(Dataset Opens)

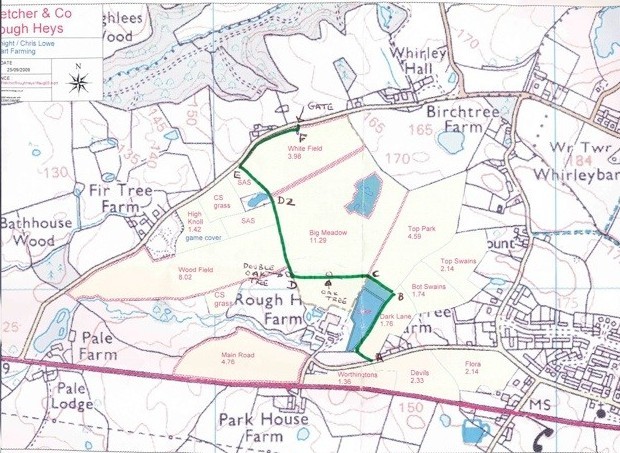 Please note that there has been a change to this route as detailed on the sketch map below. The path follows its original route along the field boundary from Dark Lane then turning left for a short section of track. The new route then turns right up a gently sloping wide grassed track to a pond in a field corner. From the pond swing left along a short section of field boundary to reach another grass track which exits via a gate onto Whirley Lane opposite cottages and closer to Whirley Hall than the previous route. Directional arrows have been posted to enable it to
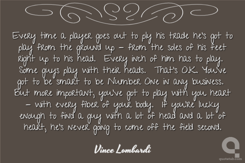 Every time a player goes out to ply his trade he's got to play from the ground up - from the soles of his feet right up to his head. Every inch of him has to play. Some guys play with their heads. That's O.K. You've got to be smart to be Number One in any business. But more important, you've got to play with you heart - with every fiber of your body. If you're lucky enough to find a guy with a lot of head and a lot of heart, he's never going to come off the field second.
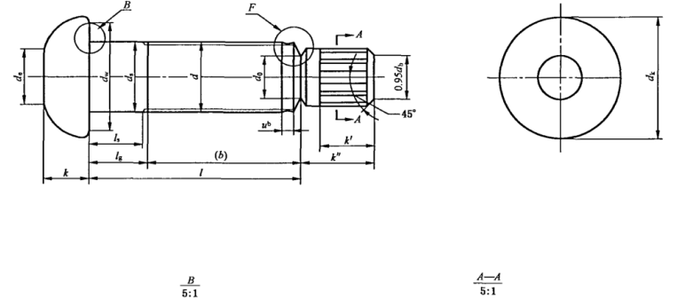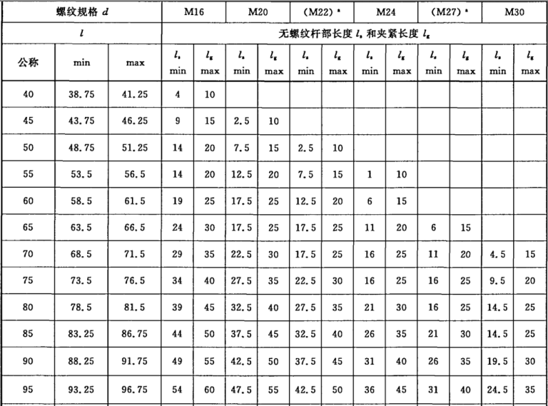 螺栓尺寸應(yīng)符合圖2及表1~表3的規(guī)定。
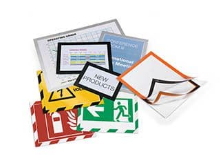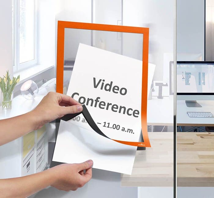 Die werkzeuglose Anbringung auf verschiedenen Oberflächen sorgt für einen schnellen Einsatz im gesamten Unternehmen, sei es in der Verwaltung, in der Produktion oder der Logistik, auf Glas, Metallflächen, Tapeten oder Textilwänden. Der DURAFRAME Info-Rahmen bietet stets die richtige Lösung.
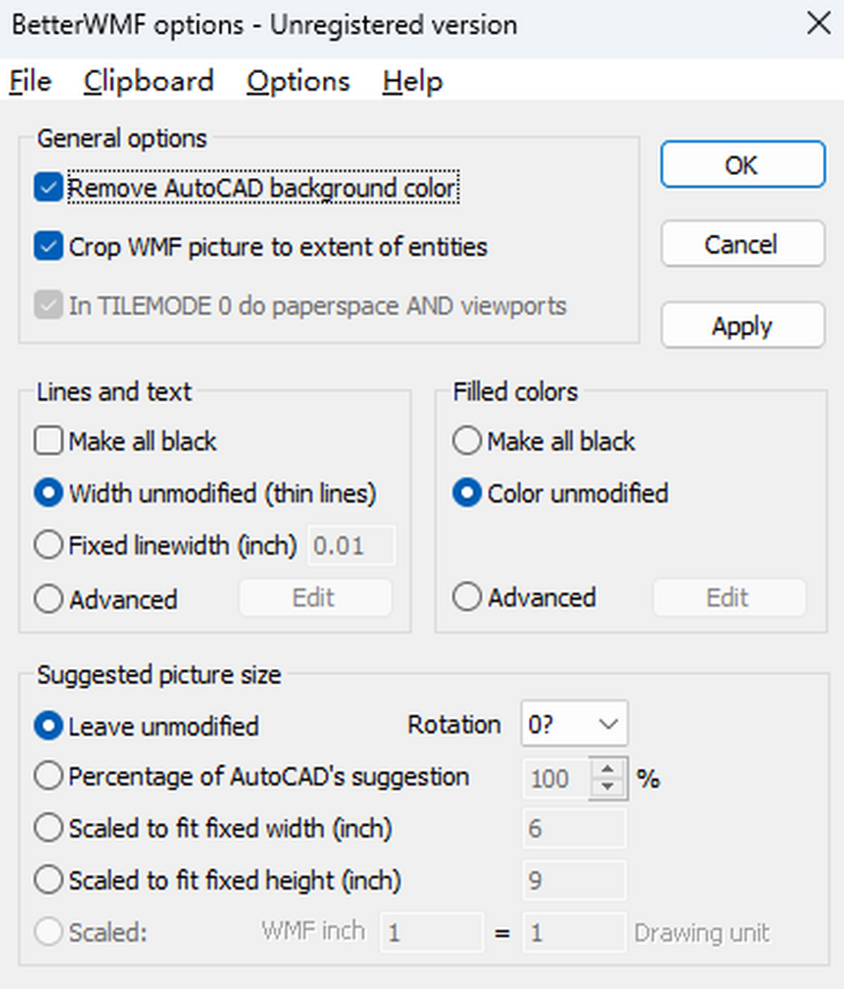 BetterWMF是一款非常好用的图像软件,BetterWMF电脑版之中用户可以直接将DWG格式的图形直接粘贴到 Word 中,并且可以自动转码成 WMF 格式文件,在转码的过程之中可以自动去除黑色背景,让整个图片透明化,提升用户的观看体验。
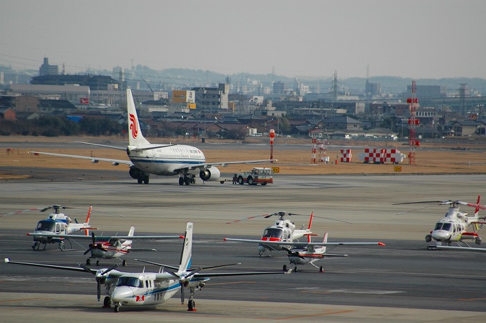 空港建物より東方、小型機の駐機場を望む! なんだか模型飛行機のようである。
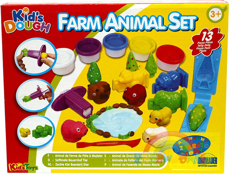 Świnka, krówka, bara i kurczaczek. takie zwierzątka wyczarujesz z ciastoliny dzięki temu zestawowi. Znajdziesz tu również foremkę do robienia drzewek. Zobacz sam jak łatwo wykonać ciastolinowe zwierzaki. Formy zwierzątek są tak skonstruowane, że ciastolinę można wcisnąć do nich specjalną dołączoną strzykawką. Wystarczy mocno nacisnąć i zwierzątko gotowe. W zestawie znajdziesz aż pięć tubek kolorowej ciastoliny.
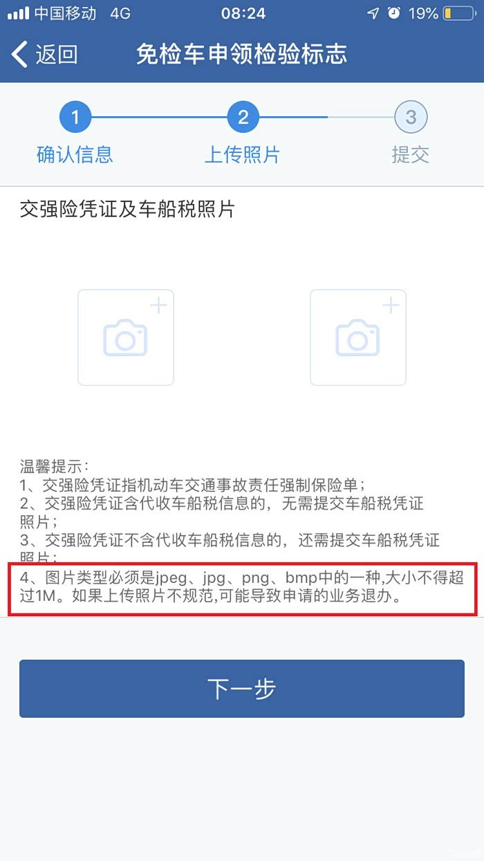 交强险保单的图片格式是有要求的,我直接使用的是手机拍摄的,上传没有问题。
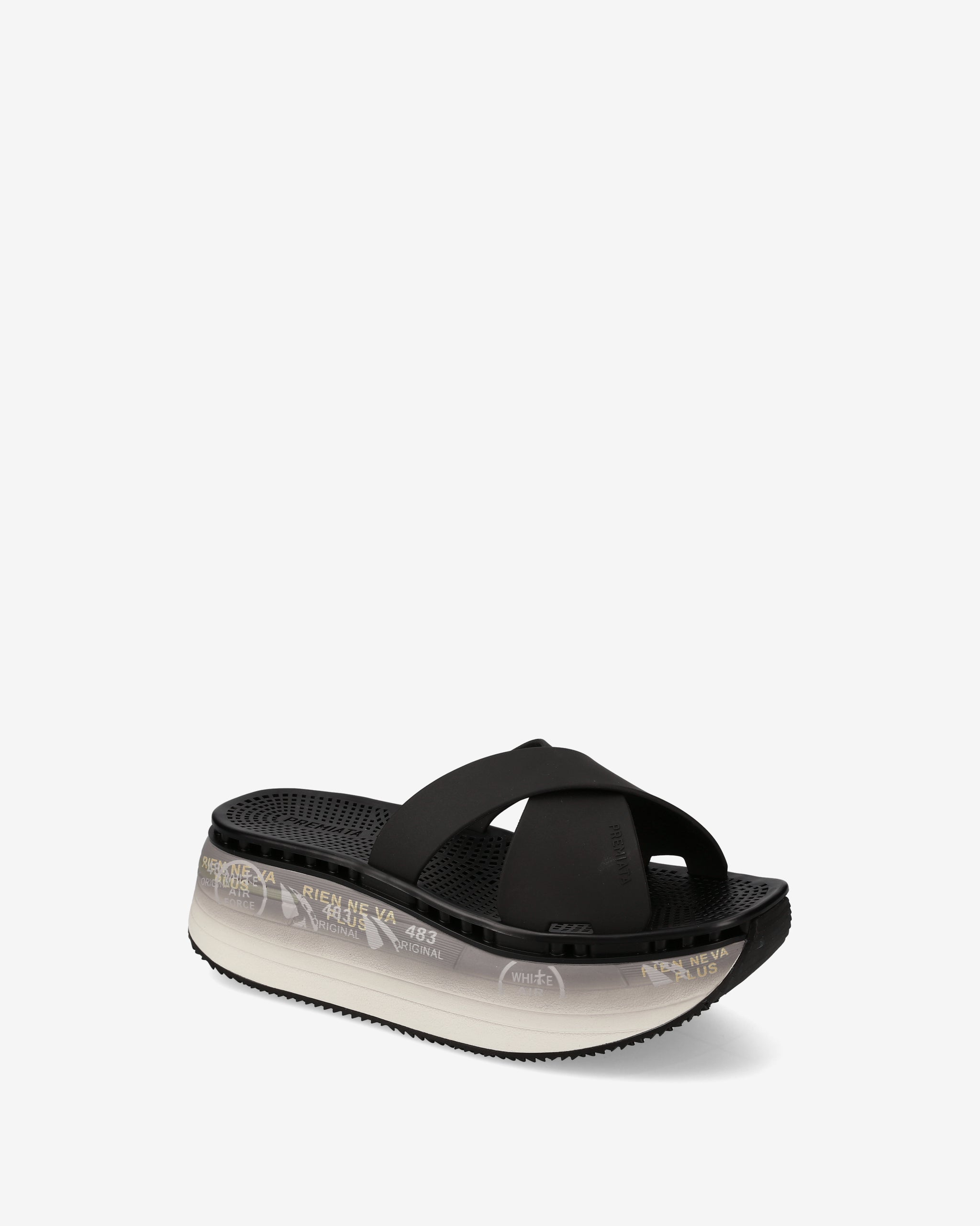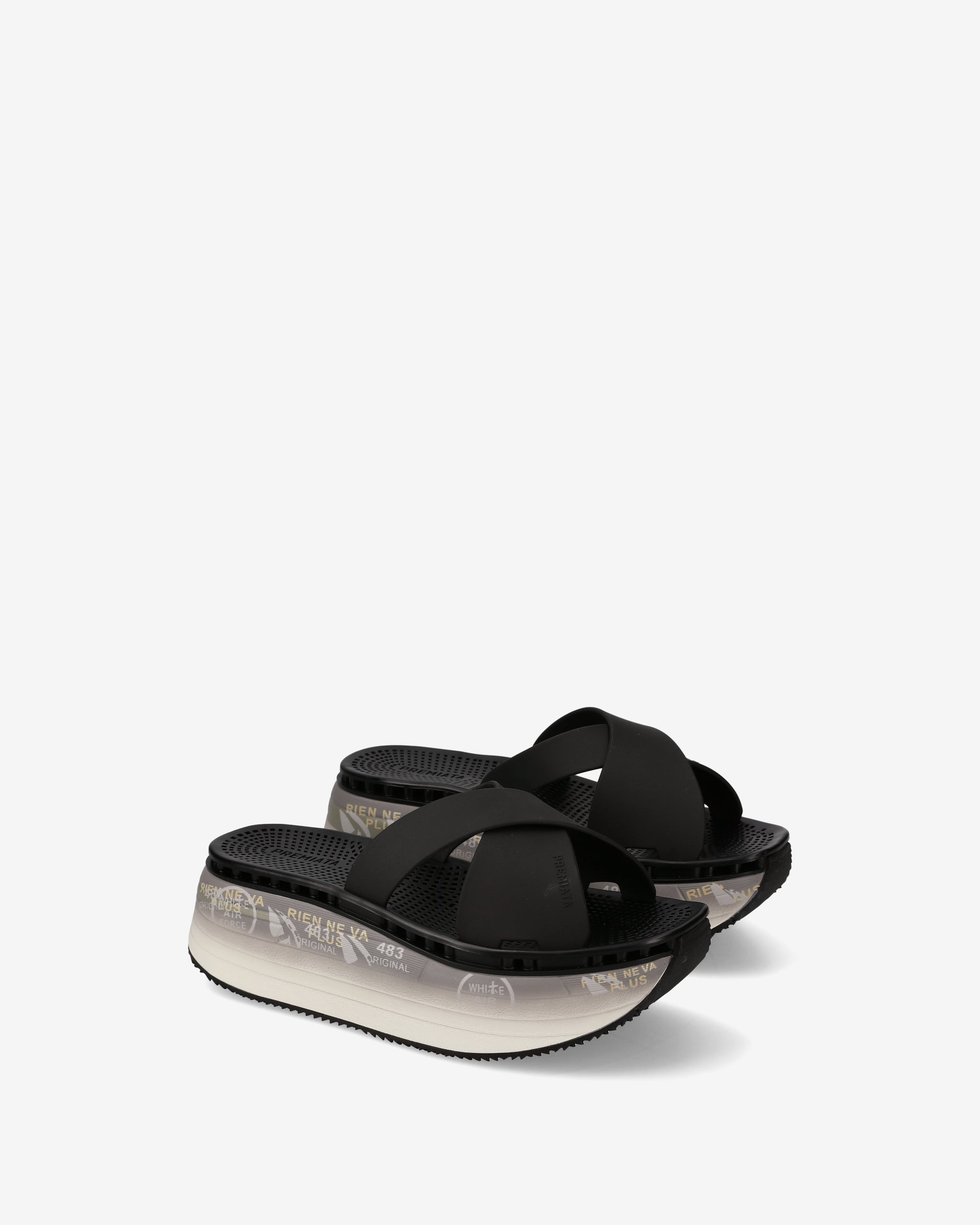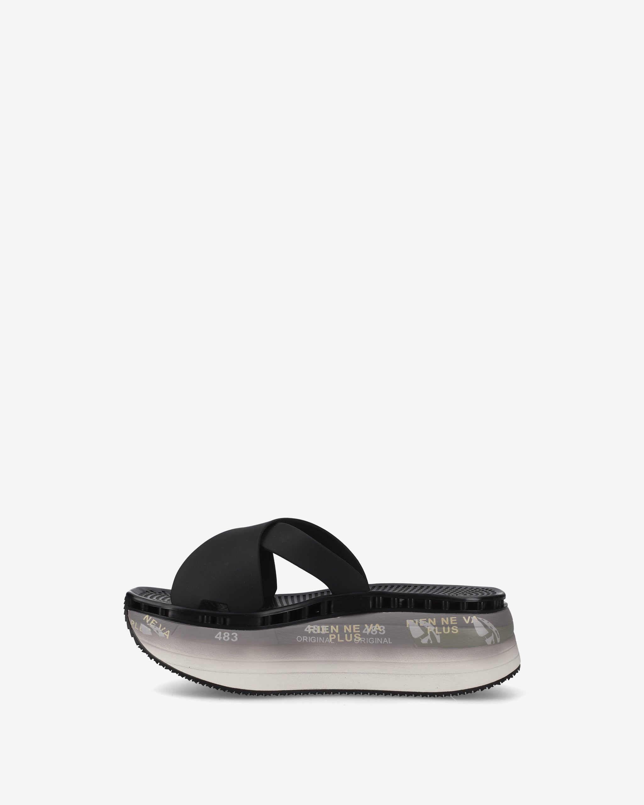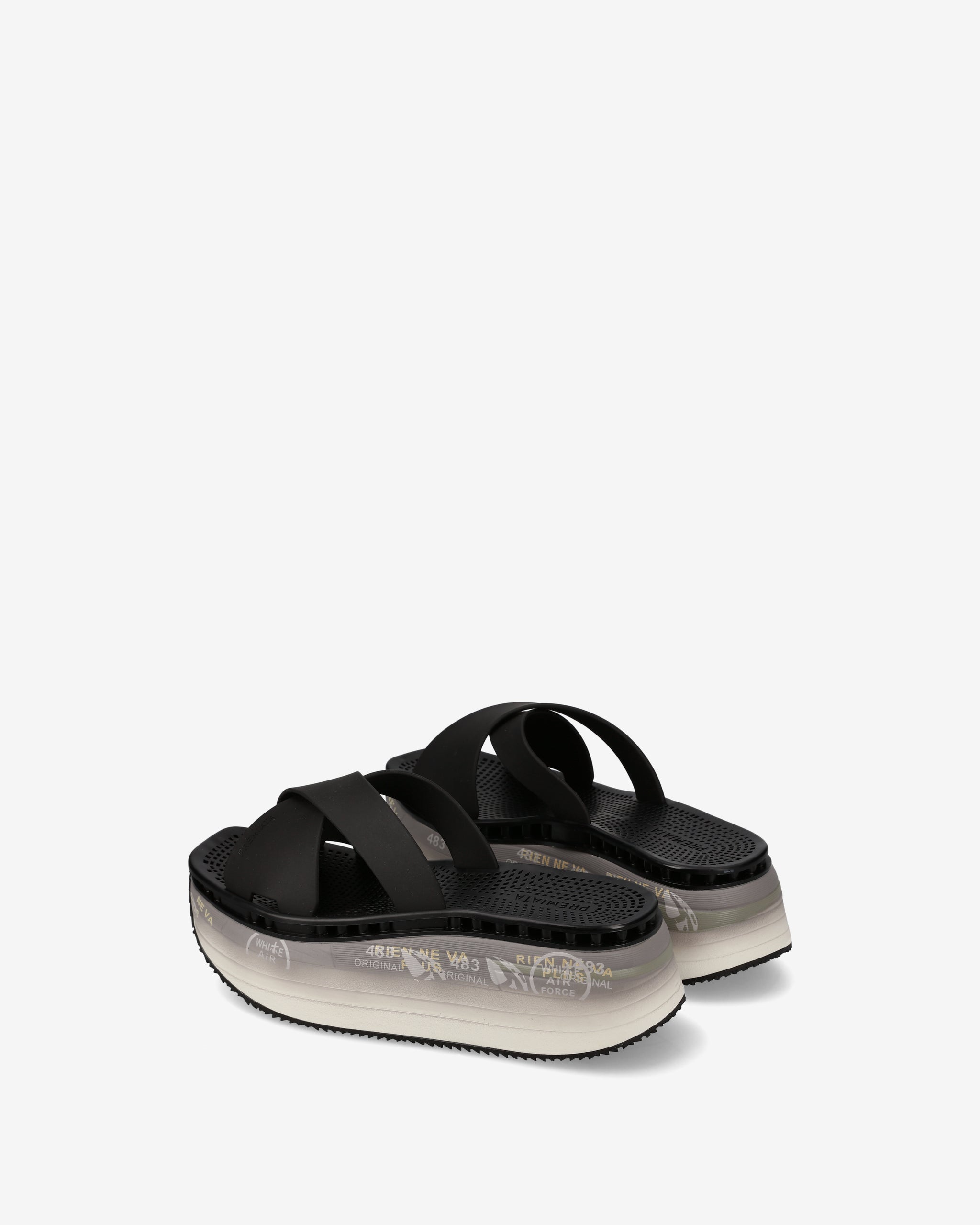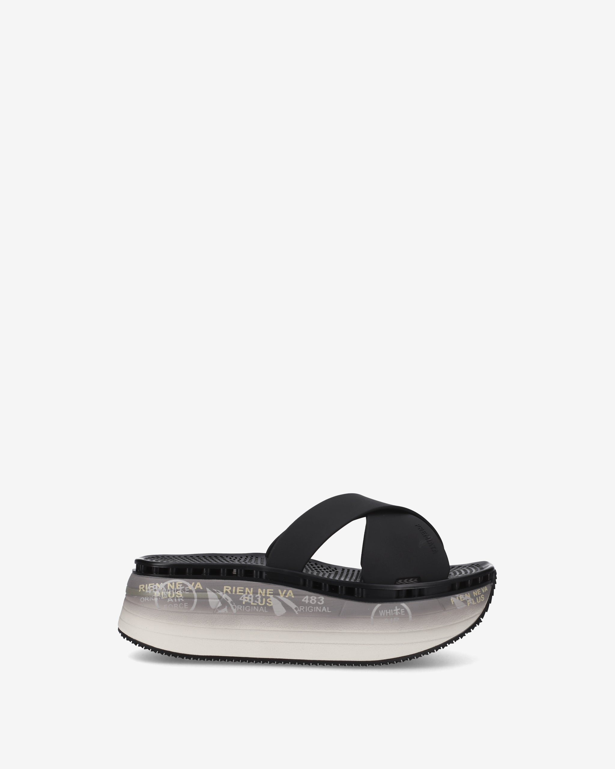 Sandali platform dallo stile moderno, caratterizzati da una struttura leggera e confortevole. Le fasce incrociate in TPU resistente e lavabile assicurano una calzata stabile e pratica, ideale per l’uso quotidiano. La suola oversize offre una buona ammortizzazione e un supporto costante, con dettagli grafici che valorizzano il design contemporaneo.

(Dataset Closes)

What needs to be done »
Leaving out the pictures, restate word for word the lines above from the one containing "Świnka, krówka, bara" through the end of the records, both ends included.

Result for this task »
 Świnka, krówka, bara i kurczaczek. takie zwierzątka wyczarujesz z ciastoliny dzięki temu zestawowi. Znajdziesz tu również foremkę do robienia drzewek. Zobacz sam jak łatwo wykonać ciastolinowe zwierzaki. Formy zwierzątek są tak skonstruowane, że ciastolinę można wcisnąć do nich specjalną dołączoną strzykawką. Wystarczy mocno nacisnąć i zwierzątko gotowe. W zestawie znajdziesz aż pięć tubek kolorowej ciastoliny.
 交强险保单的图片格式是有要求的,我直接使用的是手机拍摄的,上传没有问题。
 Sandali platform dallo stile moderno, caratterizzati da una struttura leggera e confortevole. Le fasce incrociate in TPU resistente e lavabile assicurano una calzata stabile e pratica, ideale per l’uso quotidiano. La suola oversize offre una buona ammortizzazione e un supporto costante, con dettagli grafici che valorizzano il design contemporaneo.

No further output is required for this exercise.